Впрочем, словен по-прежнему думал о своем, и помешал Фарлафу не со зла:

«— Ну, какого рожна, Ругивлад, ты вбил в голову мысль о своем уродстве? — шептал ему внутренний голос.

— Как же! Не я ли прибил Дороха на глазах у Ольги? А что он мне сделал? — винил себя Ругивлад

— Дорох — не пара дочери Владуха! — возражал тот же голос.

— А я ее об этом спросил? — терзался словен. — Есть такие бабы, что любят насилие над собой, и при этом испытывают наслаждение. Ядрит — знать любит! И по какому такому праву вторгся я в чужую жизнь, порушил чью-то судьбу?

— А не долг ли волхва, хранителя знания, вершить судьбу там, где того требует его ум, — оправдывал его этот всезнающий, тот, который в черепке, в душе, или где-то там еще… — Надо ли вмешиваться, если тупость попирает тонкость чувств?
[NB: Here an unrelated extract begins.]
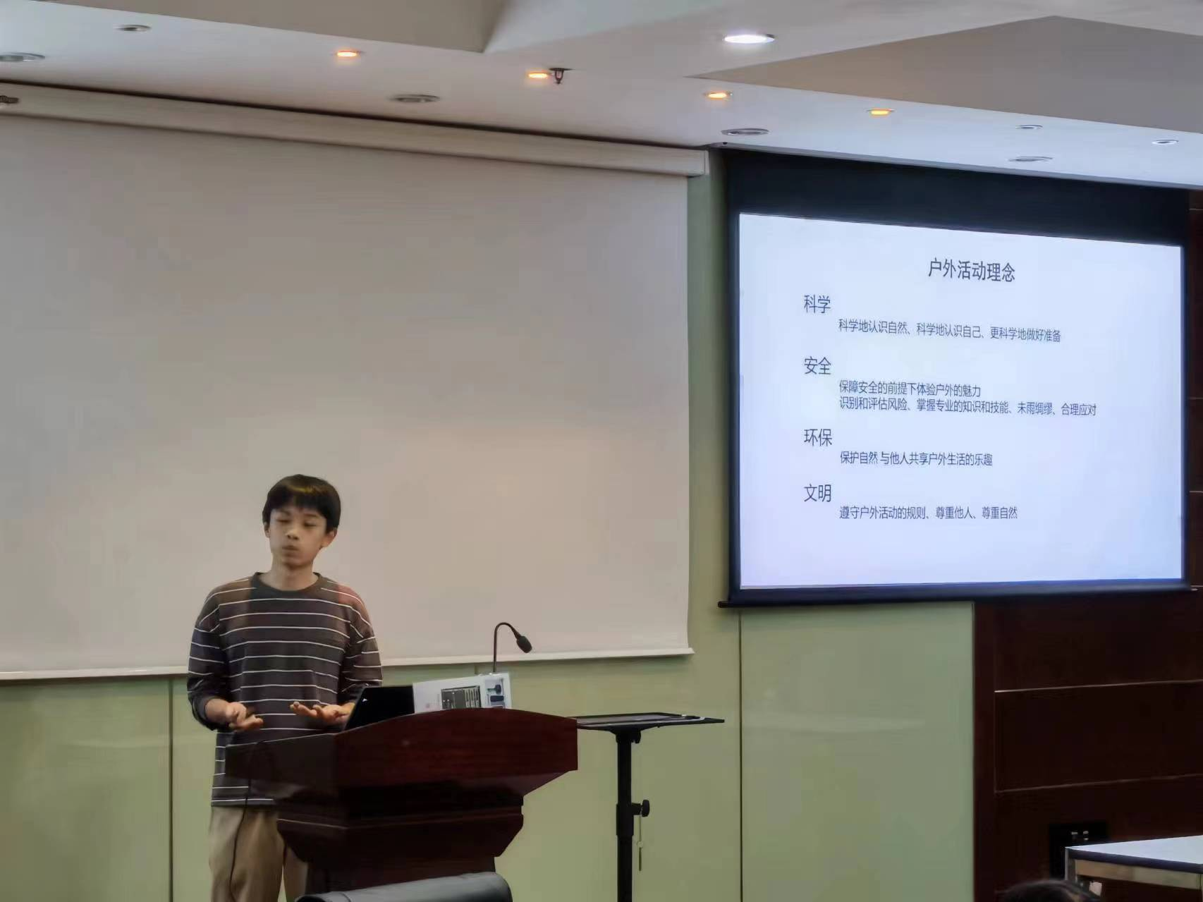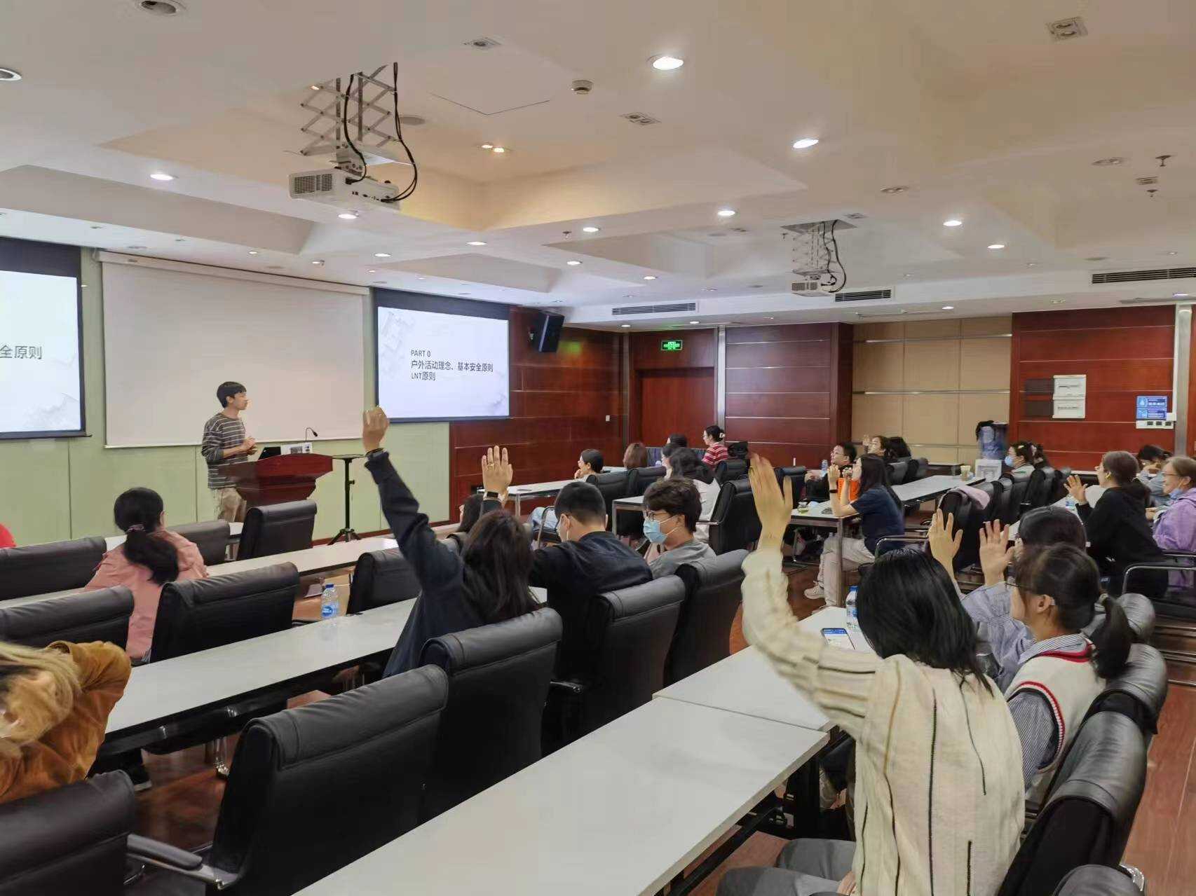 戶外運動不僅可以提升身體素質,緩解工作壓力,而且能夠培養勇攀高峰的精神。講座特邀復旦大學登山協會領隊余炅昊做報告,從科學、安全、環保、文明等方面系統介紹了戶外運動的基本理念、活動類型、經典線路,講解了戶外活動的準備工作和基本安全常識;報告提醒戶外運動愛好者牢記“三新不出、四人結伴、物資四三三分配”原則;特別強調了LNT環保法則,倡導戶外運動愛好者安全文明地與大自然互動,減少人類對大自然環境中原生動植物的負面影響,做到人與自然和諧。

Можно ли сидеть в углу? Вот, ты сидишь, а этот желудок, величиной с человека, самодовольно орет, глумясь над скромностью тишины и уюта. Кто не любит тишины — тот презирает одиночество, кто не терпит уединенности — тот не может быть свободным.

— О, рассудок, враг мой! Вечно тебя что-то не устраивает».

— Ну, а дальше-то чего было? — толкали Фарлафа собутыльники.

— Хвала богам, остался у меня оловянный прут. Стал я зверюгу по бокам охаживать, стал Баюна как Сидорову козу угощать, — разошелся Фарлаф, сопровождая быличку резвыми жестами, глядя на которые, кота и впрямь следовало пожалеть, — А ему сперва и это мало оказалось. Он мне про Фому, да про Ерему, да про царевну-лебедь и всякую там белку, что золотые яйца несет.

— Тогда уж, орехи, — поправил рассказчика тот же голос.

— Они самые. И осилил-таки я его! Неможется коту — стал просить, уговаривать. Все сробить обещал, о чем ни попрошу.

Хозяин заискивающе посмотрел на Ругивлада, но было поздно. Кот, до сей поры дремавший у словена на коленях, вскарабкался на скамью, выгнул спину, разминая толстые лапы, да как прыгнет на варяга.

— Ну-ка котик, покажи бахвальщику страсть большую, чтоб век помнил.

Баюн о кольчугу варяжскую когти точит — на Фарлафа прилаживает! Желает котяра белу грудь ему разодрать, да сердце отведать!

Вскочил богатырь, даже стол опрокинул, а кот сидит на нем и орет благим матом:

— Посторонись! Посторонись! Зашибет!

Хотел было Фарлаф схватить зверя за хвост, но разве такого поймаешь. Еле спасся он от напасти, вспомнил — не любят кошки воды, и ну себя пивом-то поливать из кружек. Что за шиворот пролилось, что на пол, но и Баюну досталось. Выпустил зверюга бахвальщика, а тот и рад — ноги в руки да наутек.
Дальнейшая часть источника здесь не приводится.